Saved entries:
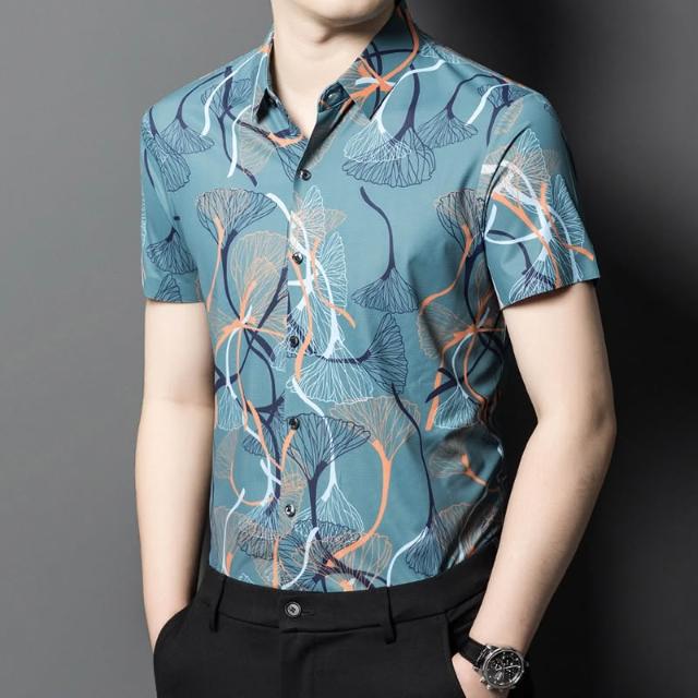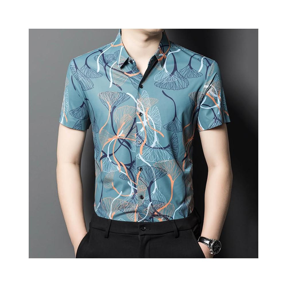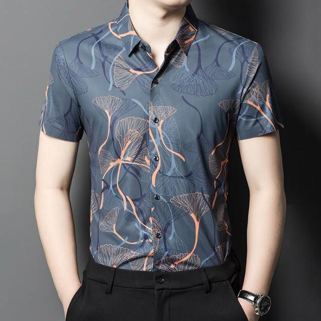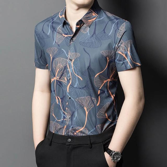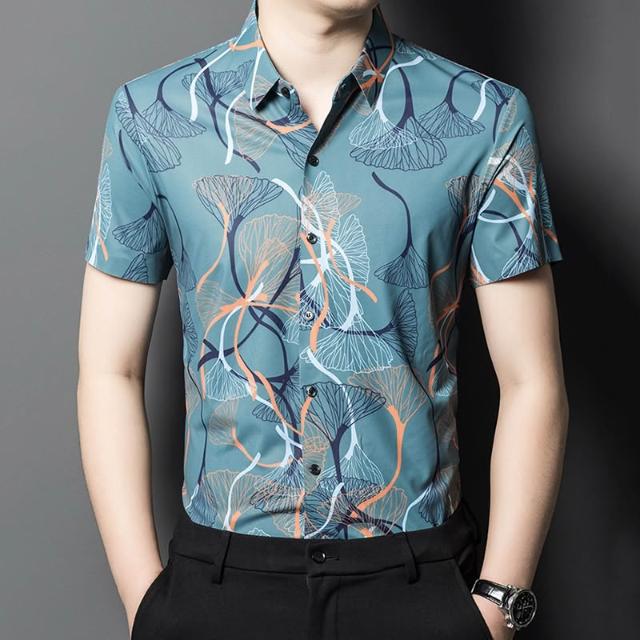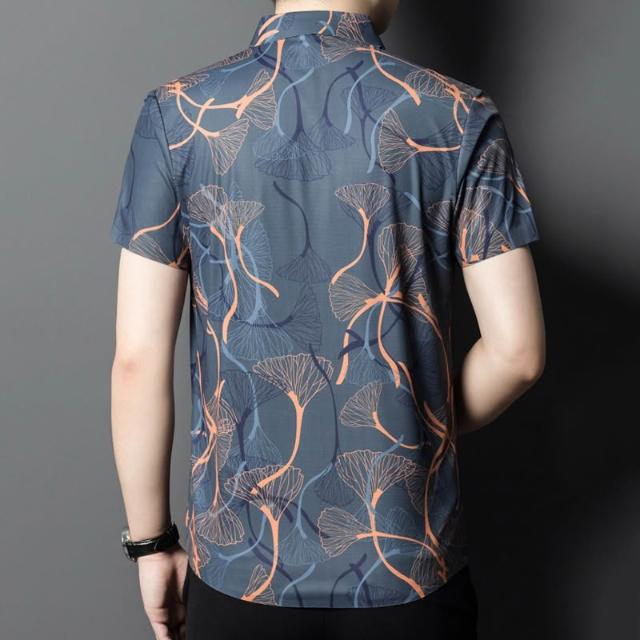 夏季男士亞桑蠶絲短袖襯衫男商務休閑碎花高級感冰絲襯衣爸爸裝 【威登尼男装】
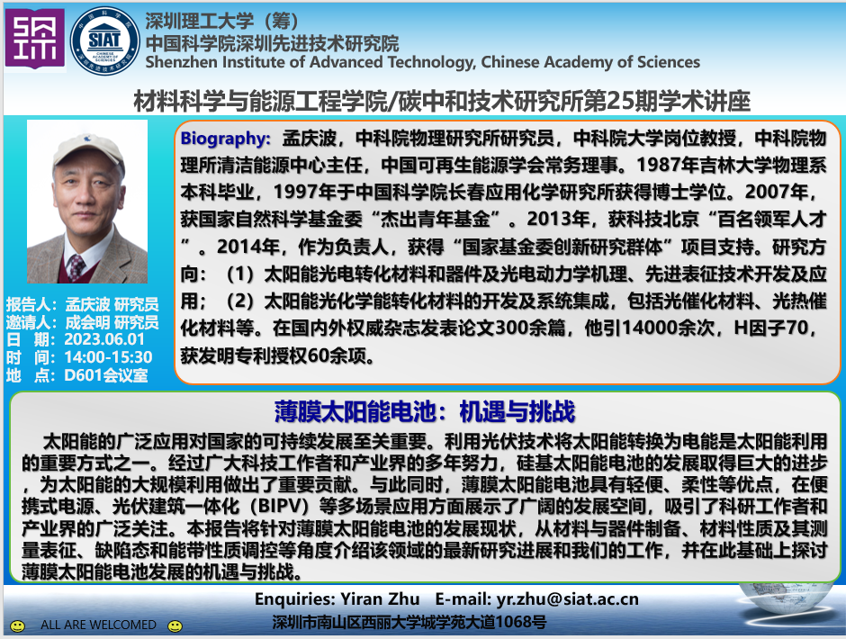 材料科学与能源工程学院/碳中和技术研究所第25期学术讲座将于6月1日(周四)14:00-15:30在D601会议室召开。本次讲座特邀中国科学院物理研究所的孟庆波 研究员作题为《薄膜太阳能电池:机遇与挑战》的学术报告。
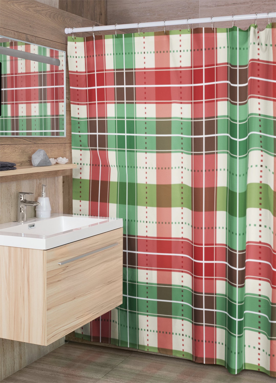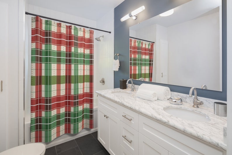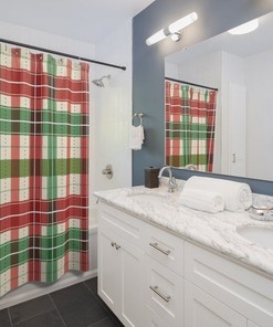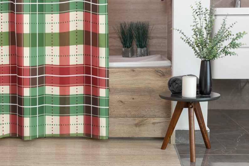 Retro Buffalo Plaid Christmas Modern Shower Curtain, Christmas Gift For Home, Shower Curtain, Retro Bathroom Accessories, Home Gift
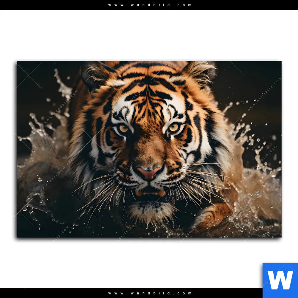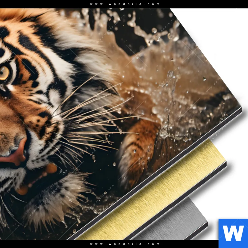 Aluminiumbild gebürstet | Tiger im Wasser | Querformat
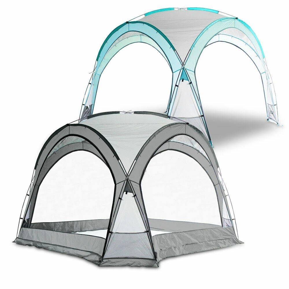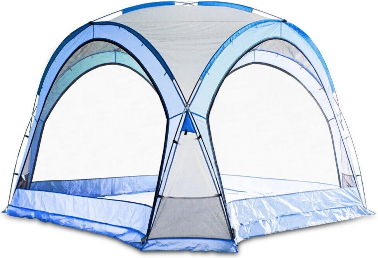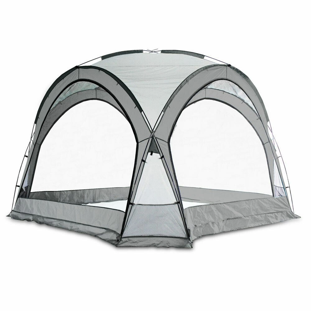 Uniwersalny namiot ogrodowy i kempingowy zapewnia niezawodną ochronę przed słońcem, deszczem i promieniowaniem UV. Dzięki lekkim i wytrzymałym prętom z włókna szklanego łatwo się rozkłada i jest stabilny. Cztery siatkowane ściany przeciw owadom oraz dwie nieprzezroczyste ścianki boczne gwarantują prywatność i osłonę od wiatru. Podklejane szwy zwiększają wodoodporność, a przestronne wnętrze oferuje duże kieszenie i uchwyt na lampę.
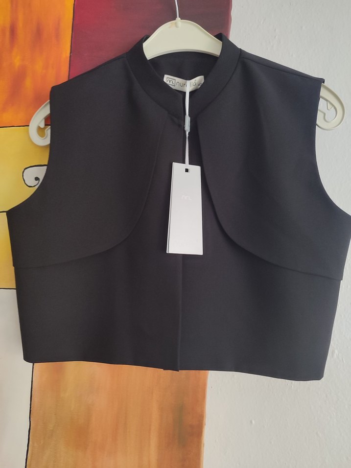 Kadın Siyah Kemerli Mini Kolsuz Yelek
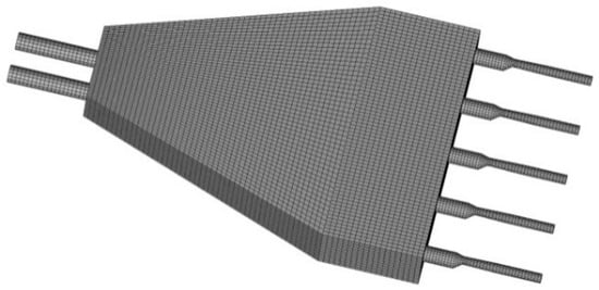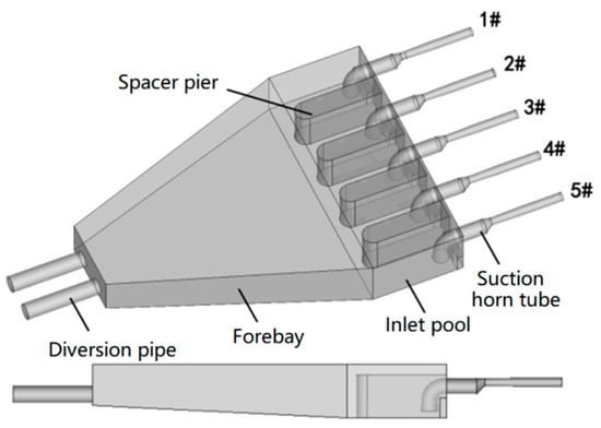 This study examines a large pumping station with five units, which are symmetrically arranged (4 working and 1 standby). The design flow rate of a single machine is 3.75 m3/s. The forebay of the pumping station is 38.38 m long and is diverted by two steel pipes with a diameter of 2.6 m. The slope of the pool bottom is 0.049, the divergence angle of the forebay is 39.02°, and the inlet pool is 15 m long and 39.2 m wide. The center distance between two adjacent pumps is 8.5 m, and the design water level is 19.5 m. The diameter of the trumpet tube is D = 2.6 m, the suspended height is 0.4 D, and the rear wall distance is 0.08 D. From top to bottom, these are units 1–5. The 3D model of the pumping station is shown in Figure 1.
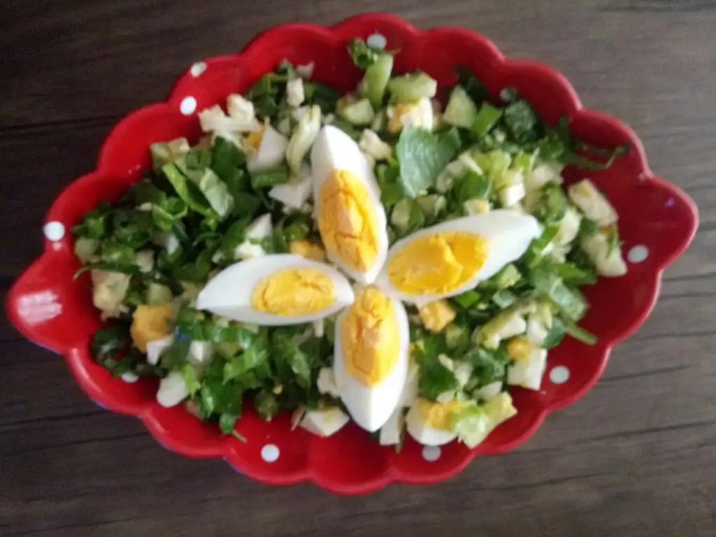 İki haşlanmış yumurtanin sarısı çocuklardan bana arta kalan kendime yapmaya üşendim
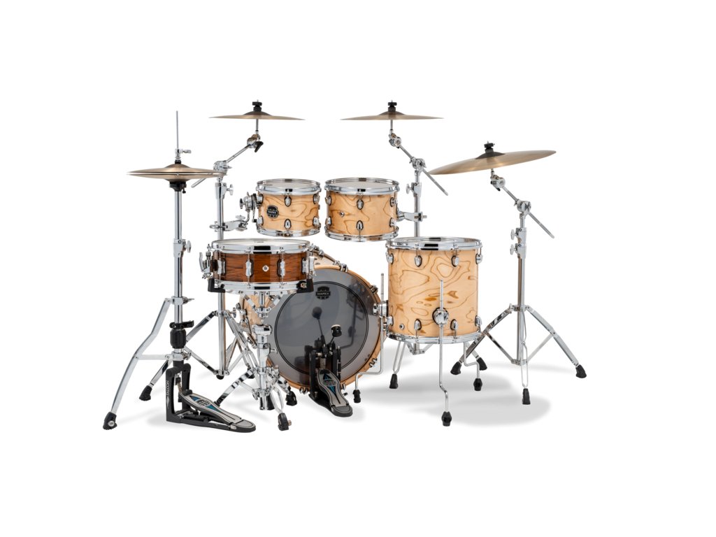 Korpusy: vnitřní vrstvy javor / prostřední vrstvy ořechu / vnější vrstvy břízy - celkem tedy 6 vrstev / 5,8mm (tomy 8-10"), 6 vrstev / 6,5mm ( tomy a kotle 12-16"), 8 vrstev / 8,2mm (kotle a velké bubny 18-24")

**Exercise aim**
Above, find the line with "材料科学与能源工程学院/碳中"; copy it and every line down to the line with "Kadın Siyah Kemerli Mini Kolsuz Yelek", exactly and both included, but no pictures.

**Your response**
 材料科学与能源工程学院/碳中和技术研究所第25期学术讲座将于6月1日(周四)14:00-15:30在D601会议室召开。本次讲座特邀中国科学院物理研究所的孟庆波 研究员作题为《薄膜太阳能电池:机遇与挑战》的学术报告。
 Retro Buffalo Plaid Christmas Modern Shower Curtain, Christmas Gift For Home, Shower Curtain, Retro Bathroom Accessories, Home Gift
 Aluminiumbild gebürstet | Tiger im Wasser | Querformat
 Uniwersalny namiot ogrodowy i kempingowy zapewnia niezawodną ochronę przed słońcem, deszczem i promieniowaniem UV. Dzięki lekkim i wytrzymałym prętom z włókna szklanego łatwo się rozkłada i jest stabilny. Cztery siatkowane ściany przeciw owadom oraz dwie nieprzezroczyste ścianki boczne gwarantują prywatność i osłonę od wiatru. Podklejane szwy zwiększają wodoodporność, a przestronne wnętrze oferuje duże kieszenie i uchwyt na lampę.
 Kadın Siyah Kemerli Mini Kolsuz Yelek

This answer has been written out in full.